▶ Task brief
An exact copy of every record below is needed, with all pictures removed.

Segment Start: Extracted information

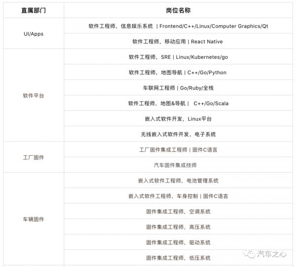 而且,在车辆软件层,特斯拉也在大力招揽软件工程师,囊括信息娱乐系统、地图导航、移动 App 等等领域。
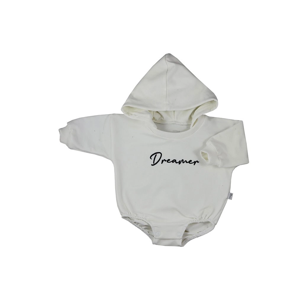 Stylowe i praktyczne body dla niemowląt, które dzięki długim rękawom, kapturowi oraz wygodnemu zapięciu na napy między nóżkami utrzyma Twoje dziecko w cieple i komforcie. Miękka dresówka z 96% bawełny i 4% elastanu jest oddychająca i elastyczna, a baggy krój zapewnia swobodę ruchów. Napis Dreamer dodaje nowoczesnego wyglądu.
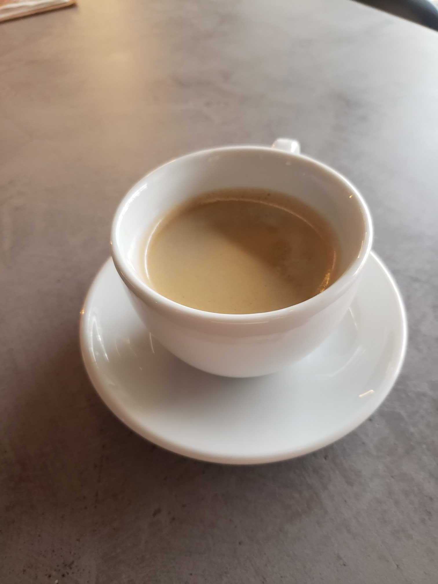 ホットコーヒーはやや渋め。スイーツにはこれくらいがちょうど良い、うんまい!
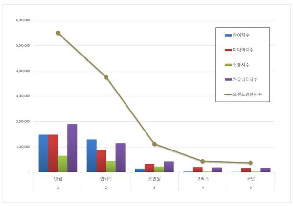 5위, 코빗 브랜드는 참여지수 18,400 미디어지수 167,100 소통지수 26,176 커뮤니티지수 165,128이 되면서 브랜드평판지수 376,804로 분석됐다. 지난 3월 브랜드평판지수 446,428과 비교해보면 15.60% 하락했다.​
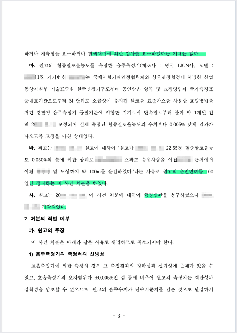 단속수치에 이르지 못하였음을 입증하여 면허정지를 취소시킨 사례
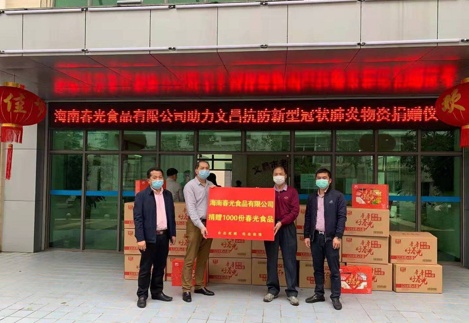 2月5日,海南春光食品向文昌市一線防疫醫(yī)務(wù)人員和集中醫(yī)學(xué)觀察點共捐贈了1000份食品,助力文昌市疫情防控工作。

Segment End: Extracted information

▶ Reply to the task
 而且,在车辆软件层,特斯拉也在大力招揽软件工程师,囊括信息娱乐系统、地图导航、移动 App 等等领域。
 Stylowe i praktyczne body dla niemowląt, które dzięki długim rękawom, kapturowi oraz wygodnemu zapięciu na napy między nóżkami utrzyma Twoje dziecko w cieple i komforcie. Miękka dresówka z 96% bawełny i 4% elastanu jest oddychająca i elastyczna, a baggy krój zapewnia swobodę ruchów. Napis Dreamer dodaje nowoczesnego wyglądu.
 ホットコーヒーはやや渋め。スイーツにはこれくらいがちょうど良い、うんまい!
 5위, 코빗 브랜드는 참여지수 18,400 미디어지수 167,100 소통지수 26,176 커뮤니티지수 165,128이 되면서 브랜드평판지수 376,804로 분석됐다. 지난 3월 브랜드평판지수 446,428과 비교해보면 15.60% 하락했다.​
 단속수치에 이르지 못하였음을 입증하여 면허정지를 취소시킨 사례
 2月5日,海南春光食品向文昌市一線防疫醫(yī)務(wù)人員和集中醫(yī)學(xué)觀察點共捐贈了1000份食品,助力文昌市疫情防控工作。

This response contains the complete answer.